Why I’m becoming a guide

Well, it’s one of many reasons, but it’s the most compelling reason for me tonight.

~~ deep and heavy stuff coming; if you’re not in a good place you may want to skip this one ~~

There’s something that’s been bothering me for the past week or so … well, more than that, ever since my silence.

You see, I feel like someone who has the cure for everything. Because this stuff here, the MKMMA, this IS the cure for everything. But it’s just like someone running around saying “I have the cure for everything”, especially when their own life isn’t perfect. No one believes it.

A friend of mine died today. I didn’t get the chance to tell my friend about how we manifest our lives, our illnesses, our troubles, and how we can heal ourselves. I don’t know what was going on in her life, why she became so ill, why she died so young from a disease that took her way too fast, abnormally fast, but today, she is dead.

And I can’t help but feel like what if I had shared this blog with her? What if I had told her about the MKMMA when I was considering it and she would have done this course? Would any of this have helped?
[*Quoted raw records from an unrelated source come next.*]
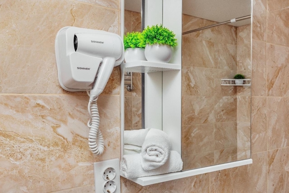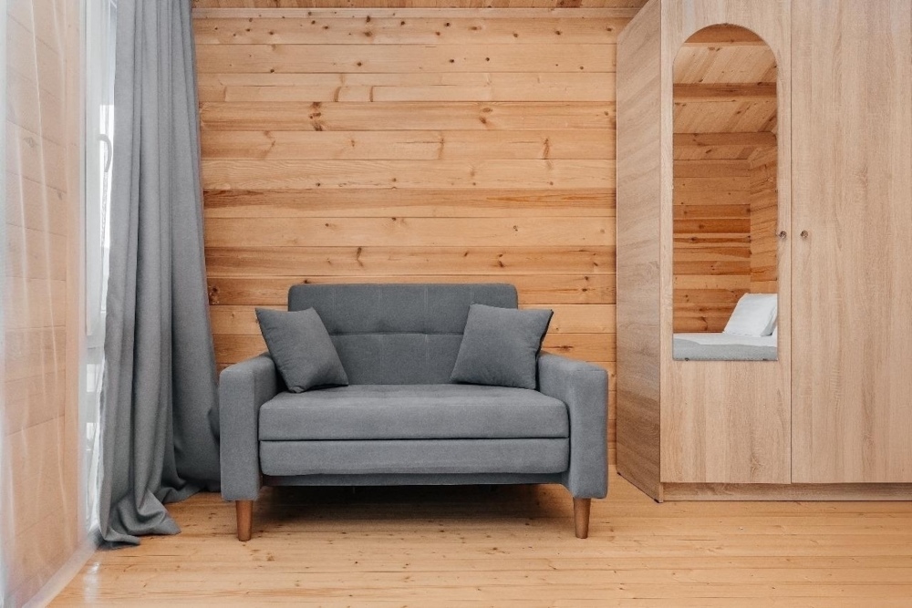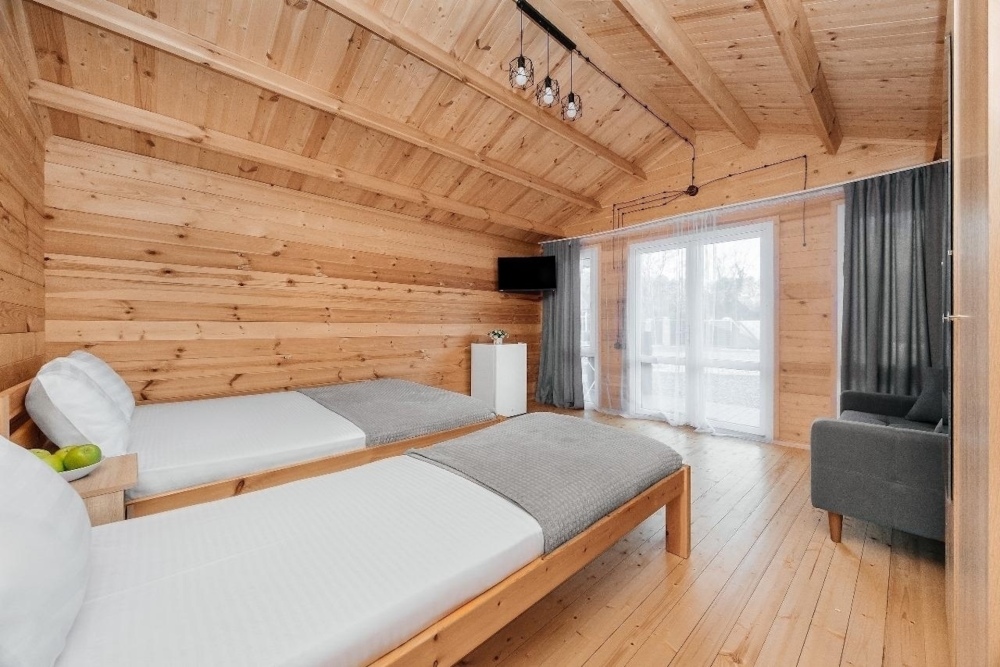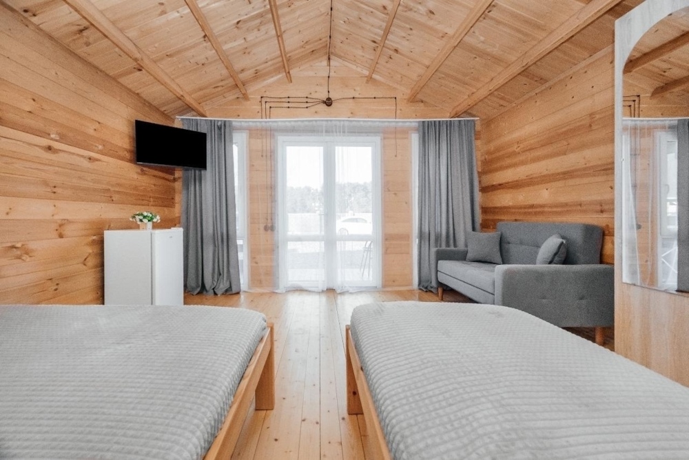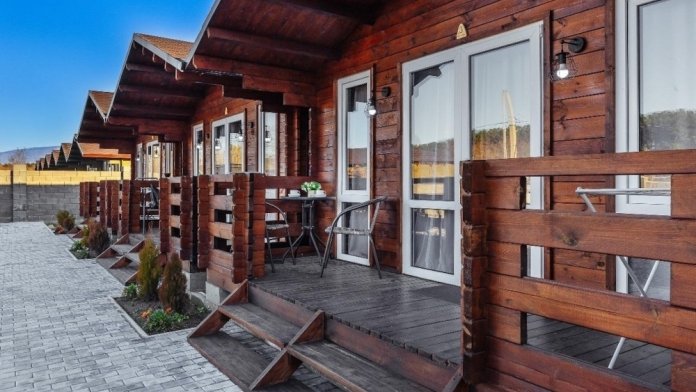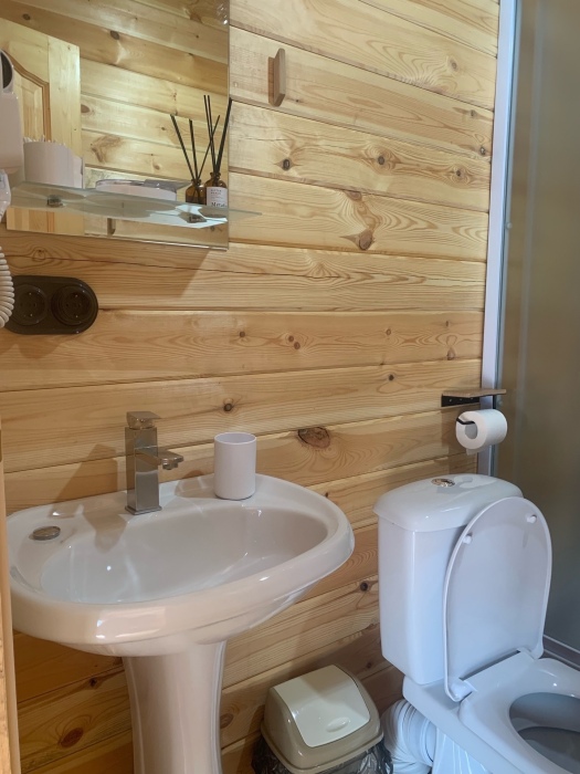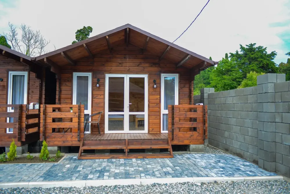 В каждом домике есть фен, чайник, холодильник, Смарт- ТВ, WI-FI, также имеется кондиционер и просторная ванная комната. У каждого домика есть своя веранда на которой расположены стол и стулья для отдыха на свежем воздухе.
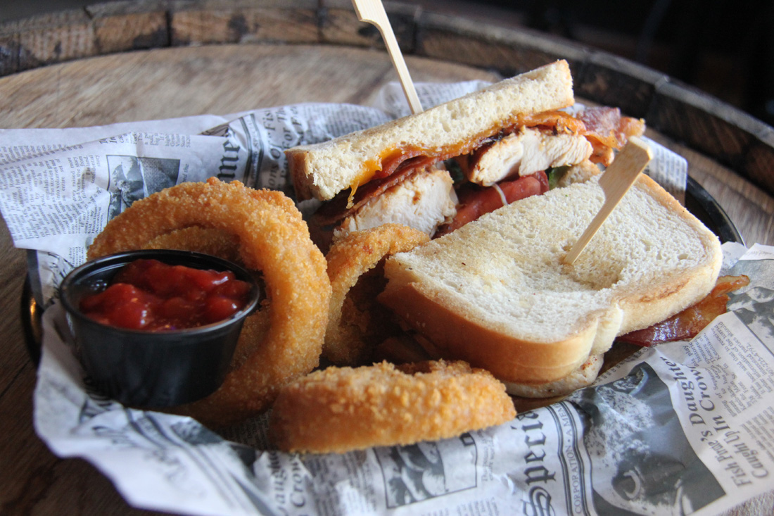 Diners can dig into a range of other comforting pub fare like Philly cheesesteaks, a grilled chicken club sandwich [pictured top], fried green tomatoes or chicken marsala.
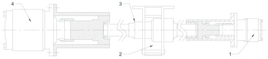 Figure 9. Double regulating mechanism structure of speed and opening. 1: Speed hydraulic motor; 2: Fertilizer discharge box; 3: Fertilizer discharge stop shaft; 4: Opening hydraulic motor.
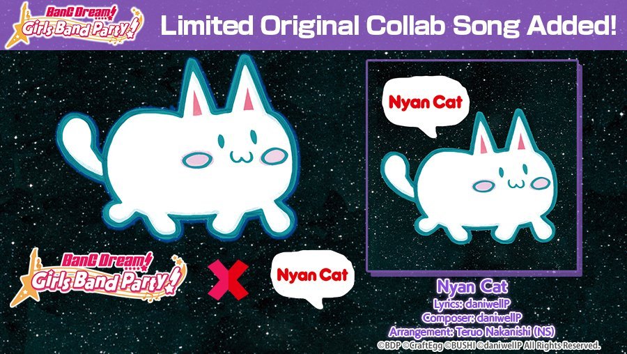One of the most popular things to come out of the internet in its early stages was a song. Some would describe it as iconic, cute, but I’m sure a lot of us found it annoying. What I’m about to share may blow your minds. BanG Dream! Girls Band Party!, the music rhythm game for mobile, has partnered with Nyan Cat from daniwellP. The collaboration will consist of only one song, Nyan Cat. How they plan to make the song entertaining to play on, I don’t know, but you’re welcome to try it out now until Oct. 14, 2020.

But I didn’t think to tell her and of course we’re on Facebook together and she probably saw my blog posts and didn’t read them. Or maybe with the way Facebook is she never saw them. And who knows? Maybe it really just was her time. But tonight I’m having a problem with that.

I am trying to accept this moment as it is, because the universe is as it should be. I can’t blame myself, and I surely can’t blame her. What good would it do? She has moved on, and maybe that’s all she really wanted, deep down. How could I blame someone for that? I never got to know her well enough to really know one way or the other what she really wanted, and that is another thing I regret, not being in her life enough to know she was dying until she was dying.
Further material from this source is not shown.